■ WHAT TO WORK ON: All of the entries below should be returned verbatim, apart from the pictures.

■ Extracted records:

::::::::

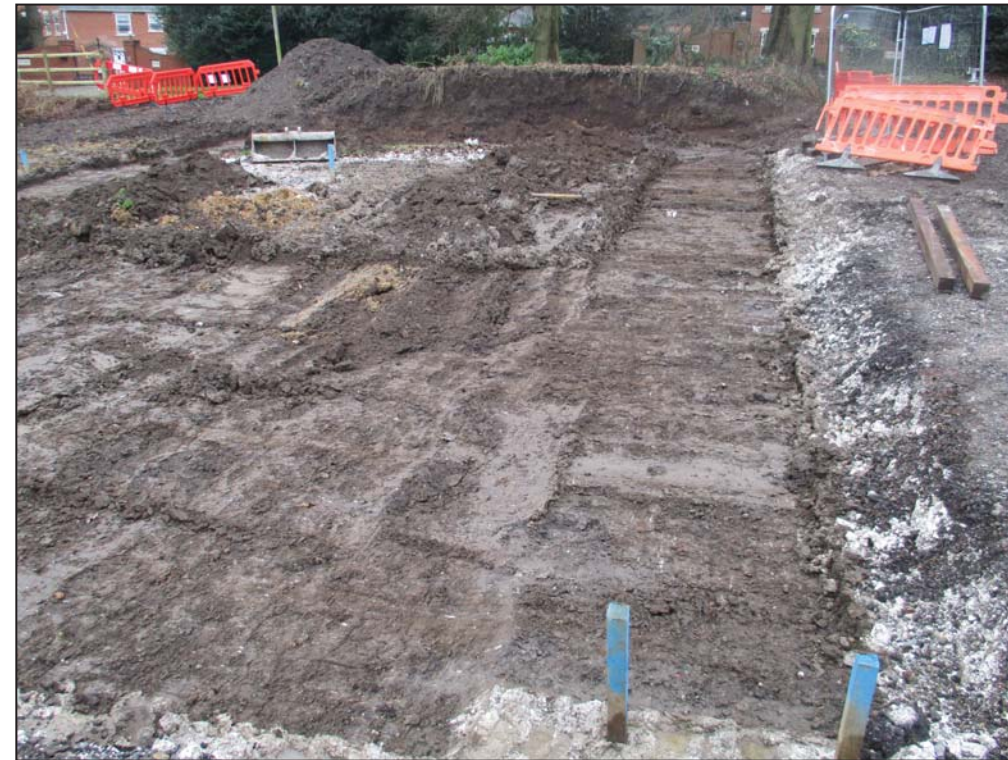
Working shot 2
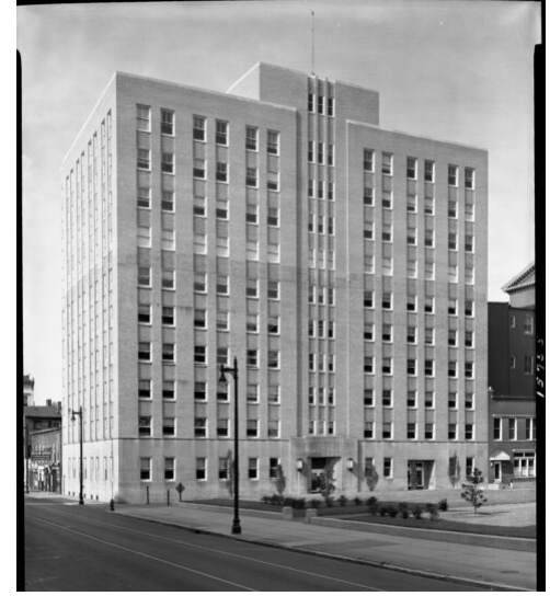
First six stories, December 1938
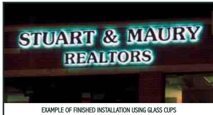
EXAMPLE OF FINISHED INSTALLATION USING GLASS CUPS

•TYPICAL UL LABEL SHOWN SIGN MUST BE LISTED BY QUALIFIED ELECTRICAL TESTING LABORATORY
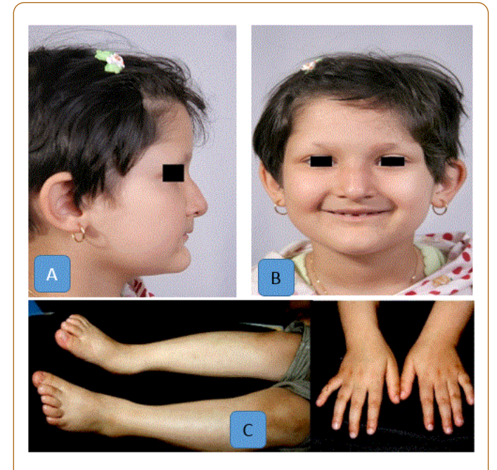
Figure 2 A, B: Lack of Eye lashes and eye brows, flattened nose bridge and hypotrichosis. C: Malformed fingers and hyper pigmentation in legs along with dry skin and nails.
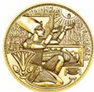
The Gold of the Pharaohs

::::::::

■ RESULT FOR THIS EXERCISE:
Working shot 2
First six stories, December 1938
EXAMPLE OF FINISHED INSTALLATION USING GLASS CUPS

•TYPICAL UL LABEL SHOWN SIGN MUST BE LISTED BY QUALIFIED ELECTRICAL TESTING LABORATORY
Figure 2 A, B: Lack of Eye lashes and eye brows, flattened nose bridge and hypotrichosis. C: Malformed fingers and hyper pigmentation in legs along with dry skin and nails.
The Gold of the Pharaohs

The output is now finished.